L'article 29 modifié par l'avenant du 21 juin 2010 étendu par arrêté du 17 décembre 2010 qui prévoit désormais que, par dérogation à l'article 10, la durée des contrats de travail antérieurs avec la même entreprise n'est pas prise en compte pour la détermination de l'ancienneté servant au calcul de l'indemnité de licenciement est donc moins favorable que le contrat de travail contenant une clause expresse de reprise de l'ancienneté du salarié, laquelle impliquait, à la date de signature du contrat, un calcul de l'indemnité conventionnelle de licenciement prenant en compte la durée du contrat de travail antérieur avec le même employeur, à condition qu'aucune indemnité de congédiement n'ait été versée lors de la rupture de ce contrat.
Aucune indemnité de congédiement n'ayant été versée au salarié lors de la rupture de son premier contrat de travail, l'ancienneté de M. [K], acquise lors de la seconde embauche, soit 18 ans et 5 mois, doit être prise en compte pour la détermination de l'ancienneté servant au calcul de l'indemnité de licenciement.
Il convient en conséquence de confirmer le jugement en ce qu'il a condamné la société à payer au salarié la somme de 49 296 euros, dont le calcul n'est pas discuté, à titre de solde d'indemnité de licenciement.
Sur la demande de dommages et intérêts
La société fait valoir que sa position est parfaitement fondée et conforme aux dispositions conventionnelles et contractuelles.
Le salarié fait valoir que la relation de travail n'avait pas été totalement interrompue puisqu'il a continué à travailler pour l'APAVE en qualité de prestataire extérieur et que c'est avec une mauvaise foi évidente que cette dernière n'a pas voulu respecter les dispositions contractuelles relatives à son ancienneté lors du calcul de l'indemnité de licenciement, que la société a fait preuve d'une résistance abusive en ne réglant pas ce solde d'indemnité et qu'il a subi un préjudice moral en raison de l'attitude adoptée par la société à son égard, alors qu'il s'était investi durant plus de 30 ans dans l'entreprise et n'a cessé son activité que pour des raisons de santé.
****
L'employeur a pu, de bonne foi, estimer que les nouvelles dispositions de la convention collective étaient applicables à la situation de M. [K].
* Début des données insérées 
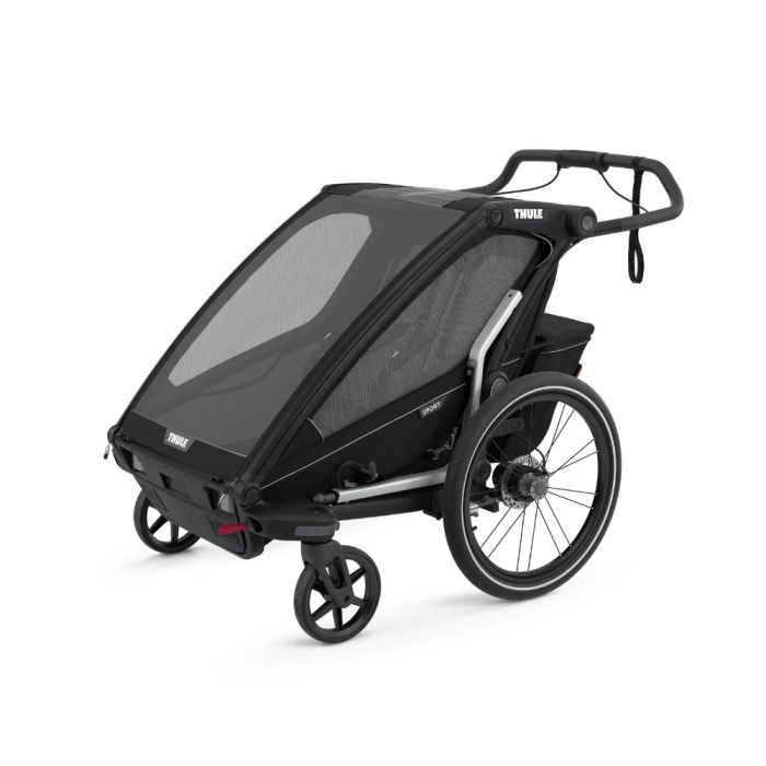 Vognen er fin å ha med på farten, da den kan brettes sammen, og kan skiftes fra sykkeltilhenger til gåvogn. Sikkerheten har blitt bedre i Thule Cariot Sport, da den har fått reflekser på hjul og kaleche, og en bremse på håndtaket, så du kan bremse gradvist når det f.eks går nedover.
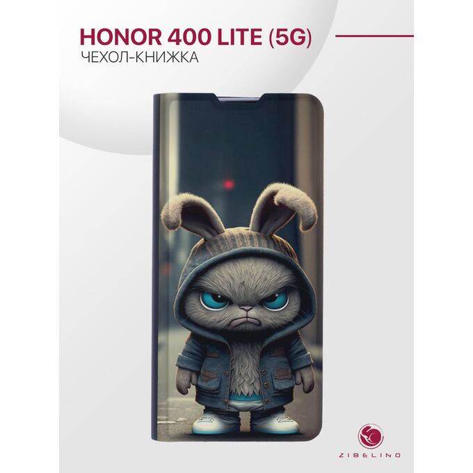 Чехол Premium Book на Honor 400 Lite (5G) с рисунком, противоударный, с магнитом, черный принт ЗЛОЙ ЗАЯЦ (Хонор 400 Лайт)

Le salarié ne rapporte pas la preuve d'une faute commise par l'employeur, ni d'une exécution déloyale du contrat de travail.
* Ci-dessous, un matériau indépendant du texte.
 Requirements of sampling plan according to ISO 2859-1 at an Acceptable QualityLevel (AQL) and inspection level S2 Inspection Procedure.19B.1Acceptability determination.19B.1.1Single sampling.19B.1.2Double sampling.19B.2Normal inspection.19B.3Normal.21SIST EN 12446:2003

Le jugement qui a rejeté la demande de dommages et intérêts pour résistance abusive et exécution déloyale du contrat de travail formée par M. [K] doit être confirmé.
La société APAVE dont le recours est rejeté est condamnée aux dépens d'appel et à payer à M. [K] la somme de 2 000 euros en application de l'article 700 du code de procédure civile en cause d'appel.
PAR CES MOTIFS
Statuant publiquement par arrêt mis à disposition au greffe et contradictoirement :
CONFIRME le jugement
CONDAMNE la société APAVE aux dépens d'appel
CONDAMNE la société APAVE à payer à M. [W] [K] la somme de 2000 euros en application de l'article 700 du code de procédure civile en cause d'appel.